The dictum in Henderson is anomalous in the context of these cases. Henderson reasoned that "it would undercut the deterrent function of a state's exclusionary rule if state officers were able to turn illegally seized evidence over to federal authorities...." 721 F.2d at 665. However, it is difficult to see why exclusion would be justified in cases where state officials act without federal involvement, but not in cases where federal and state officials act jointly. The harm to the state's interests appears to be identical in each case.
Nor is Henderson the only dicta on the subject. In United States v. Joseph, 829 F.2d 724, 728 n. 1 (9th Cir.1987) (Joseph ), we stated that "[E]vidence obtained in accordance with federal law is admissible in federal court--even though it was obtained by state officers in violation of state law," quoting United States v. Rickus, 737 F.2d 360, 363-64 (3d Cir.1984) (Rickus ). Joseph provides further support for our observation that the Henderson dictum represents a departure from our cases holding that the admissibility of evidence in federal court is governed by federal rather than state standards.
Moreover, to hold that federal courts must look to state law to determine the admissibility of evidence seized by state officials acting independently of federal agents would create an unnecessary conflict with other circuits. In Rickus, the Third Circuit directly confronted the issue raised in this appeal. The court refused to create an exception to the rule that evidence obtained in accordance with federal law is admissible in federal court even when obtained by state officers in violation of state law. The court reasoned that applying the exclusionary rule to evidence seized in violation of state laws would hamper the enforcement of valid federal laws by rendering relevant and reliable evidence unavailable. Rickus, 737 F.2d at 364. The Third Circuit also pointed out that sanctions already exist to control state officials' conduct--notably, exclusion of the evidence in state court. The court concluded that any "additional deterrent effect to be gained from excluding this evidence is small, and is far outweighed by the costs to society of excluding the evidence." Id. at 364.
Similarly, in United States v. Pforzheimer, 826 F.2d 200 (2d Cir.1987), the Second Circuit held that evidence that is admissible under federal law should not be barred from a federal trial because of a state exclusionary rule. The court specifically considered, and rejected, our suggestion in Henderson that comity might require deference to a state's more restrictive exclusionary rule where a seizure of evidence by state officials arguably violates state law.

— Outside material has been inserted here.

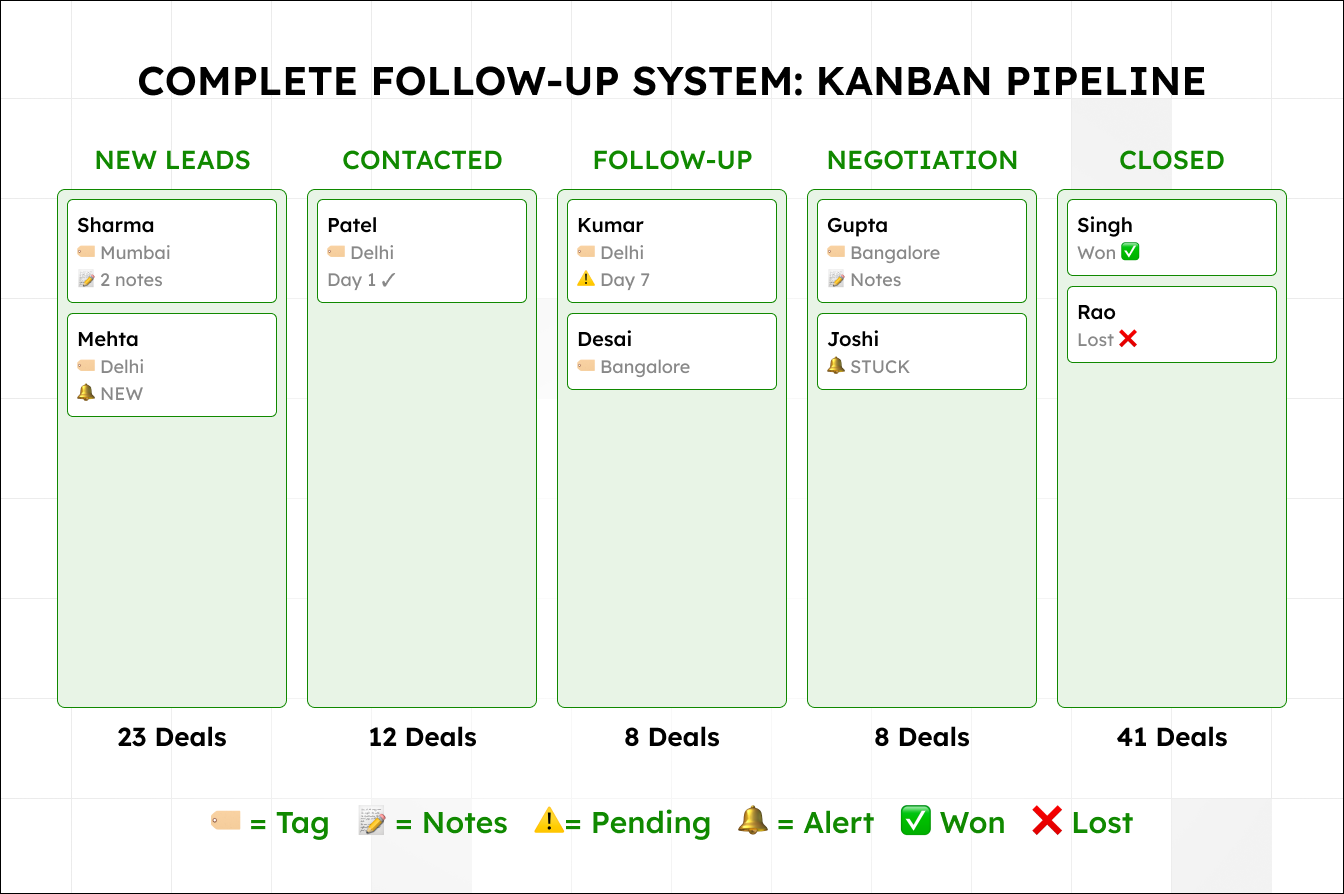 An education consultancy in Hyderabad had 4,000 WhatsApp contacts. No tags, no pipeline, no follow-up system. Just names and chat histories. When they needed to re-engage leads interested in a specific course, they had no way to find them. Conversion rate sitting at 8% — not because the leads were bad, but because the follow-up system was hope.

Id. at 203-04. The court held that important federal policy considerations, including the desirability of uniformity of evidentiary rules among the federal courts, outweigh interests of comity and support the application of federal law in federal trials. Id. at 204.
We agree with the Second and Third Circuits that requiring federal district courts to look to state law when determining the admissibility of evidence obtained in accordance with federal law would hamper the enforcement of valid federal laws and undermine the policy favoring uniformity of federal evidentiary standards. We also find no justification for excluding evidence illegally seized by state officials acting independently of federal officials while admitting such evidence in cases in which federal involvement is present.
In addition, absent a strong reason to do so, we will not create a direct conflict with other circuits. United States v. Larm, 824 F.2d 780, 784 (9th Cir.1987); United States v. Gwaltney, 790 F.2d 1378, 1388 n. 4 (9th Cir.1986) (Gwaltney ), cert. denied, --- U.S. ----, 107 S.Ct. 1337, 94 L.Ed.2d 187 (1987). There is no reason to do so here. We therefore reject the suggestion in Henderson that federal courts should defer to state law in deciding whether to admit evidence seized by state officers, adopt the contrary suggestion in Joseph, and reaffirm our holding in Hall that evidence seized in compliance with federal law is admissible without regard to state law. 543 F.2d at 1235. The district court thus correctly determined that Chavez was not entitled to an opportunity to establish that the seizure of the financial records violated state law.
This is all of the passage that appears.